Friday, May 18, 2012

Another message redelivery pattern with WSO2 ESB

In the articles Implementing Store and Forward Messaging Patterns With WSO2ESB Part 1 and Implementing Store and Forward Messaging Patterns With WSO2ESB Part 2 . I have introduced WSO2 Message Processors and Message Stores and explained how to implement store and forward messaging patterns with them.

In this blog post i ' m trying to show how to implement a redelivery messaging pattern i recently implemented. actually in the article Implementing Store and Forward Messaging Patterns With WSO2ESB Part 2  i have described how to implement  a redelivery pattern with Message Forwarding processor. But in this post i'm going to show how to implement another redelivery pattern which can’t be achieved with Message Forwarding processor.

Following is the requirement :

  1. Client invokes a Backend service through a ESB.
  2.  If 1st invocation is successful send the response back to client and if service is not available send a fault message back.
  3.  In a failure re try to deliver the message N number of times where each re-try happens after a T interval
  4. After N failed attempts drop the message (Or store it somewhere)

Lets see how we can implement this using WSO2 ESB.
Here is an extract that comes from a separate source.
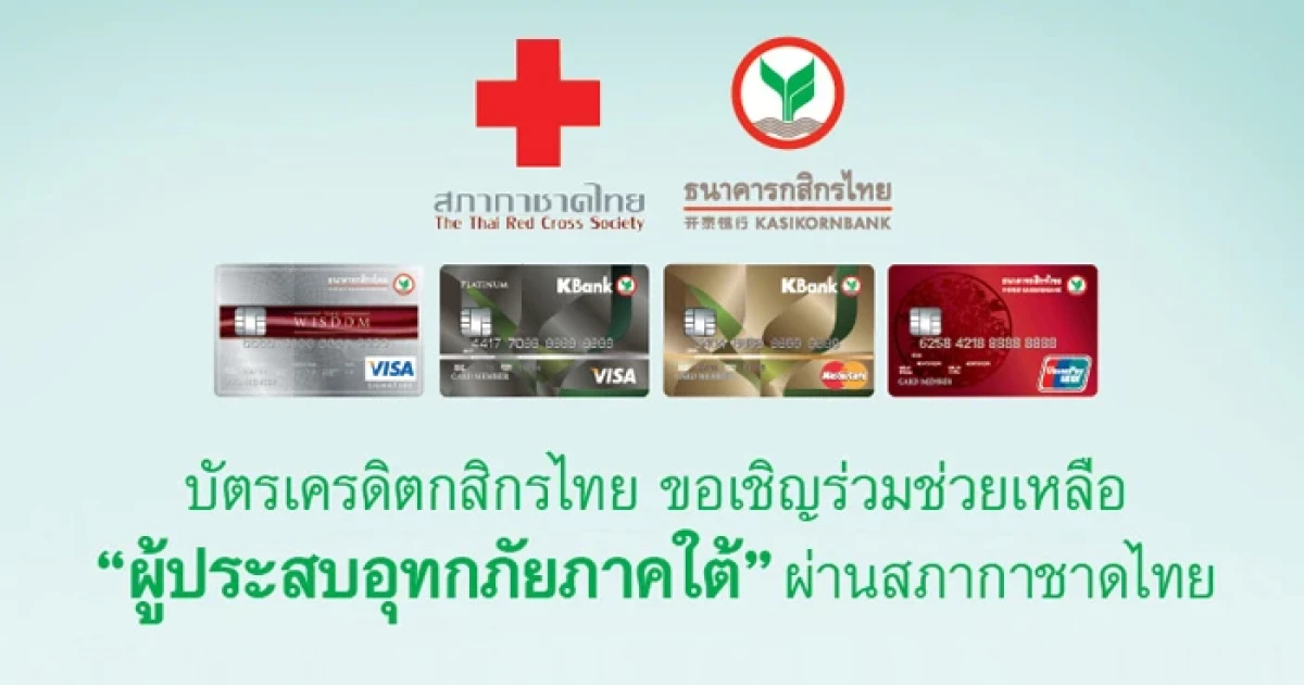 บัตรฯ กสิกรไทย.. ร่วมช่วยเหลือ "ผู้ประสบอุทกภัยภาคใต้" ผ่านสภากาชาดไทย แลกคะแนนแทนเงินบริจาค

For this i’ll be using WSO2 ESB mediation sequences , Message Stores and Message Processors. If we look at how WSO2 Mediation constructs are designed. They are designed in a matter that that they act as set of mediation building blocks using which we can compose different EIP/Messaging patterns. So in this scenario we will be composing sequences , mediators , Message Stores and Processors to build this messaging pattern.

Message Flow : 

Success Scenario :
  1. Proxy Service Accepts the Message Send Message to SendToService Sequence
  2. SendToService sequence send message to the service
  3. Message response comes to proxy services out sequence using which we send back the response to the client


(Note : In this case SendFault sequence is registered as the fault handler for SendToService sequence . Which means in case if there BE service is not available that message will go to the SendFault sequence)

When service is not available :
  1. Proxy service accepts the Message and Send message to SendToServiceSeqeunce.
  2. SendToServer sequence send message to the service
  3. Since endpoint is down SendFault sequence get executed with the failed message
  4. We check for a property in a message named : retry_count , If it is not there :  It means this is the 1st failure. in that case we go to step 5. if retry_count is there go to step 6
  5. Clone the message and in one clone thread we create a fault message and send back to the client. In the other clone thread we add property: retry_count to 1 and store the message.
  6. We check if the retry_count > N if that is the case we drop the message if not increment retry_count using a xpath function and store the message. 

Note  : Here MessageSampling Processor is configured to poll messages from Message Store in every T time interval and send it to SendToService sequence.

Following is the Flow chart of the above described Message Flow.







And Below is a Sample ESB Configuration XML which implements this. 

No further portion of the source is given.